§ TASK TO CARRY OUT: In the entries that follow, find the line containing "Bonemorphogenetic proteins (BMPs)" and the line containing "A group of children", then retype exactly the lines from the first through the second, pictures excluded.

§ PROVIDED MATERIAL:

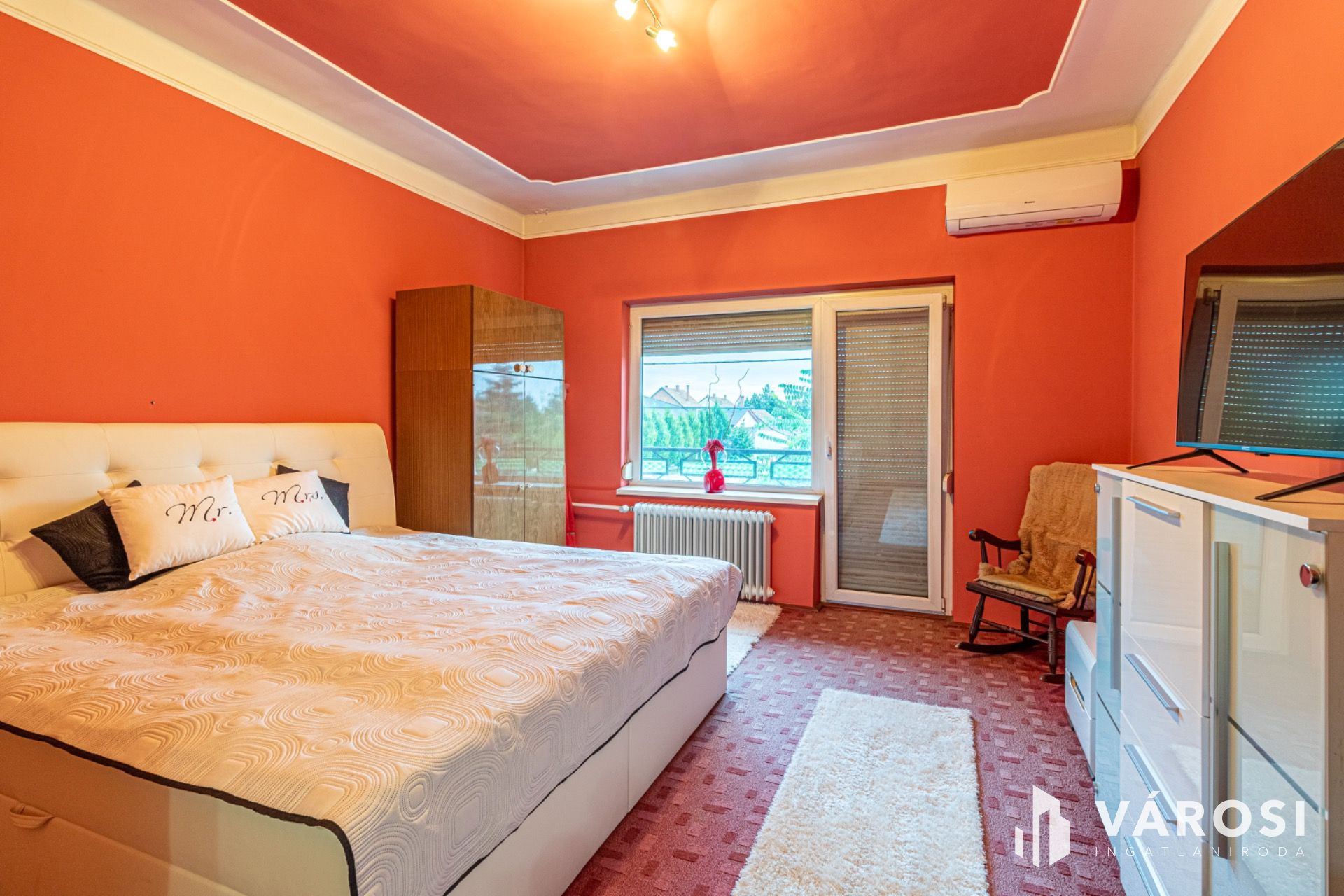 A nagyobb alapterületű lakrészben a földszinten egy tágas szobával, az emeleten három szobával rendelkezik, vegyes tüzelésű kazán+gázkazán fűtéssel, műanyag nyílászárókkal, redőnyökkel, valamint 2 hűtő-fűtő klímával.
--
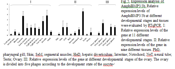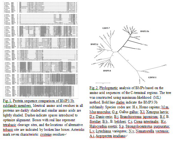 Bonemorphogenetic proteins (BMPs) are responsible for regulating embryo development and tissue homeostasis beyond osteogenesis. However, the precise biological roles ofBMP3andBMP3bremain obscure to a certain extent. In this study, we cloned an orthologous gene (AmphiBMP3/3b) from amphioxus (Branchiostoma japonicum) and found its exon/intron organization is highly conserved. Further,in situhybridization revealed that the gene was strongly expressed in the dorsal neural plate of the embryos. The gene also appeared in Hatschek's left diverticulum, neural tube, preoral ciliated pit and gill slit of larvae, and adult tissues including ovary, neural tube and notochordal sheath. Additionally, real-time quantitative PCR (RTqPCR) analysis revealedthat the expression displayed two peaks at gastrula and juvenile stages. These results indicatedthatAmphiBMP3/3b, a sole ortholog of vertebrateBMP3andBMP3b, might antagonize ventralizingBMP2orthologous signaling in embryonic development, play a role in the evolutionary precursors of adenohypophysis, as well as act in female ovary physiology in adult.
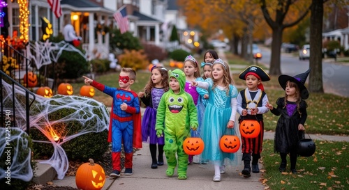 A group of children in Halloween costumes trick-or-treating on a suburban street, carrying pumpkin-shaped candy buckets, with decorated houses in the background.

§ RESPONSE TO THE TASK:
 Bonemorphogenetic proteins (BMPs) are responsible for regulating embryo development and tissue homeostasis beyond osteogenesis. However, the precise biological roles ofBMP3andBMP3bremain obscure to a certain extent. In this study, we cloned an orthologous gene (AmphiBMP3/3b) from amphioxus (Branchiostoma japonicum) and found its exon/intron organization is highly conserved. Further,in situhybridization revealed that the gene was strongly expressed in the dorsal neural plate of the embryos. The gene also appeared in Hatschek's left diverticulum, neural tube, preoral ciliated pit and gill slit of larvae, and adult tissues including ovary, neural tube and notochordal sheath. Additionally, real-time quantitative PCR (RTqPCR) analysis revealedthat the expression displayed two peaks at gastrula and juvenile stages. These results indicatedthatAmphiBMP3/3b, a sole ortholog of vertebrateBMP3andBMP3b, might antagonize ventralizingBMP2orthologous signaling in embryonic development, play a role in the evolutionary precursors of adenohypophysis, as well as act in female ovary physiology in adult.
 A group of children in Halloween costumes trick-or-treating on a suburban street, carrying pumpkin-shaped candy buckets, with decorated houses in the background.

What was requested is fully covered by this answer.